* AIM OF THE EXERCISE
Once the line containing "- Pompowana i" is reached in the listing below, reproduce it and all later lines through the final one exactly, but omit any pictures.

* RECORDS TO USE
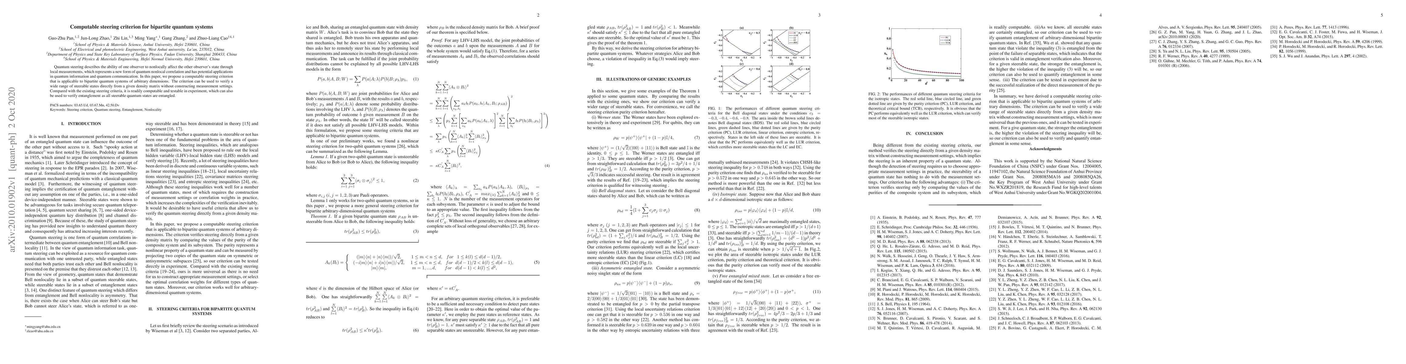 Quantum steering describes the ability of one observer to nonlocally affect the other observer's state through local measurements, which represents a new form of quantum nonlocal correlation and has potential applications in quantum information and quantum communication. In this paper, we propose a computable steering criterion that is applicable to bipartite quantum systems of arbitrary dimensions. The criterion can be used to verify a wide range of steerable states directly from a given density matrix without constructing measurement settings. Compared with the existing steering criteria, it is readily computable and testable in experiment, which can also be used to verify entanglement as all steerable quantum states are entangled.
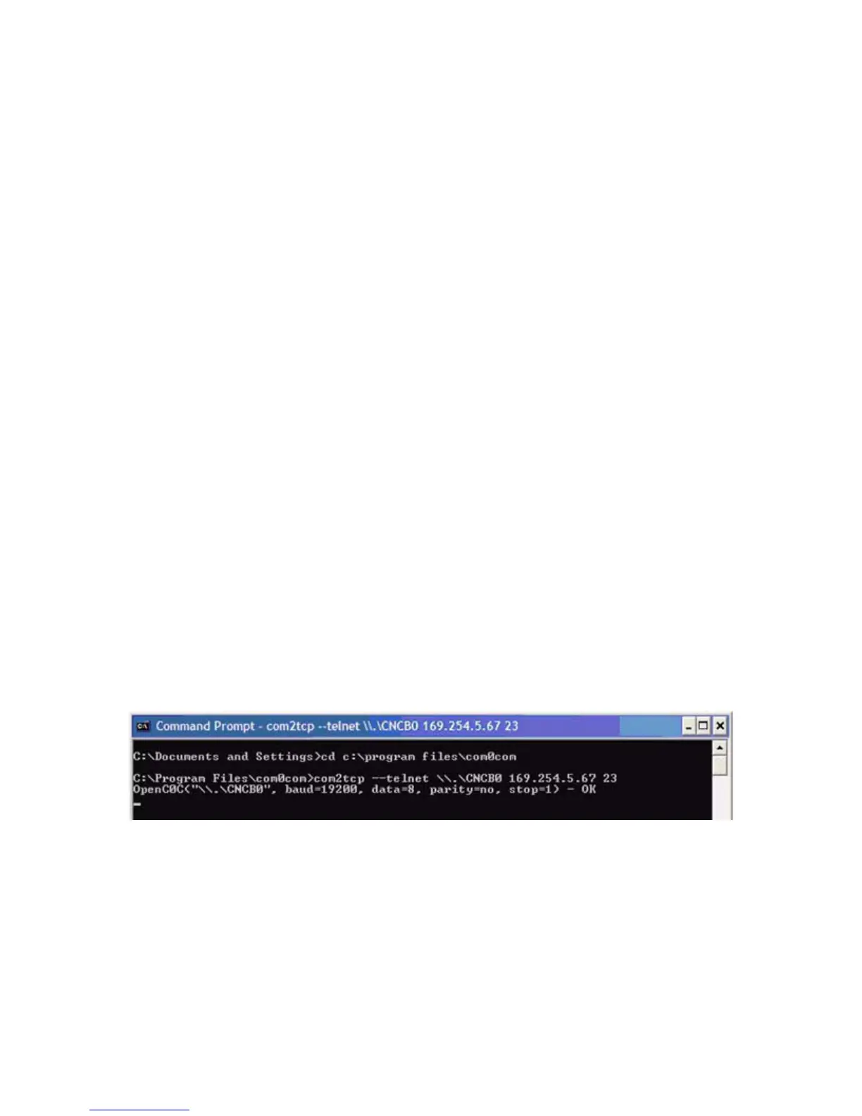 » At the command prompt, enter com2tcp --telnet \\.\<CNCB0> <IP address> <telnet port>
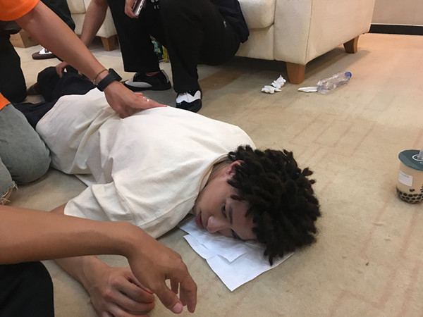 可比起饿和困,更麻烦的是腰伤。在前面跳个人作品时,叶音把腰闪了,一回到后台就疼得趴地上了,队员们手忙脚乱给他按摩。然而battle时再回到舞台,还是跳得一点都不惜力,还是那个“人体弹簧”叶音。看他笑得露出一口大白牙,观众根本瞧不出这人身上带着新伤。
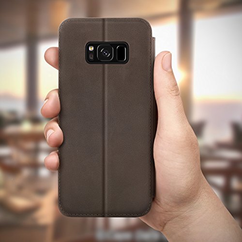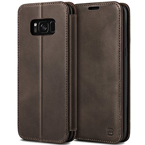BEZ® Cover in Pelle per Samsung S8, Custodia Compatibile per Samsung Galaxy S8, Portafoglio a Flip Realizzata a Mano in Sottile Vera Pelle di Lusso, Classica a Libro con Supporto -Chocolate
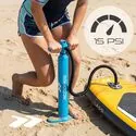 - Pompowana i kompaktowa – deska napełniana jest przy pomocy dwukierunkowej pompki z manometrem. Po zakończeniu rejsu wystarczy spuścić powietrze, złożyć ją i schować do plecaka.
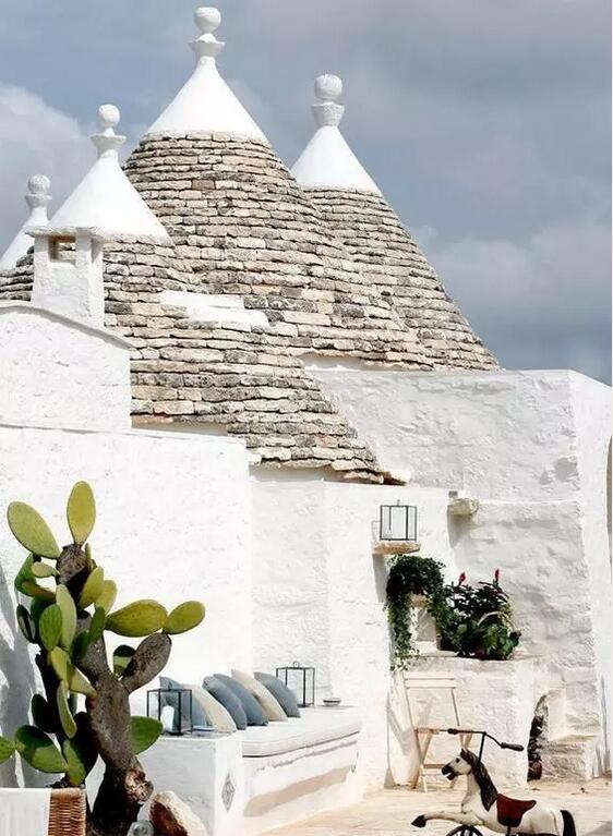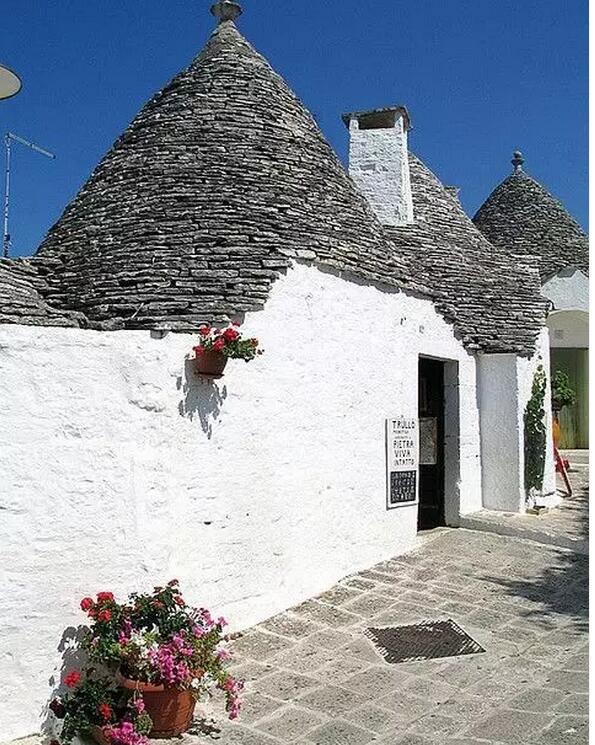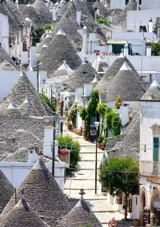 意大利的阿爾貝羅貝洛(Alberobello)被稱之為“天堂小鎮(zhèn)”。原是自然條件最差的不毛之地,最早的石屋可追溯到12世紀(jì),16世紀(jì)開始越來(lái)越多逃避天災(zāi)人禍的難民逃到這里,就地取材用石灰屋建屋。

* SOLUTION FOR THIS TASK
 - Pompowana i kompaktowa – deska napełniana jest przy pomocy dwukierunkowej pompki z manometrem. Po zakończeniu rejsu wystarczy spuścić powietrze, złożyć ją i schować do plecaka.
 意大利的阿爾貝羅貝洛(Alberobello)被稱之為“天堂小鎮(zhèn)”。原是自然條件最差的不毛之地,最早的石屋可追溯到12世紀(jì),16世紀(jì)開始越來(lái)越多逃避天災(zāi)人禍的難民逃到這里,就地取材用石灰屋建屋。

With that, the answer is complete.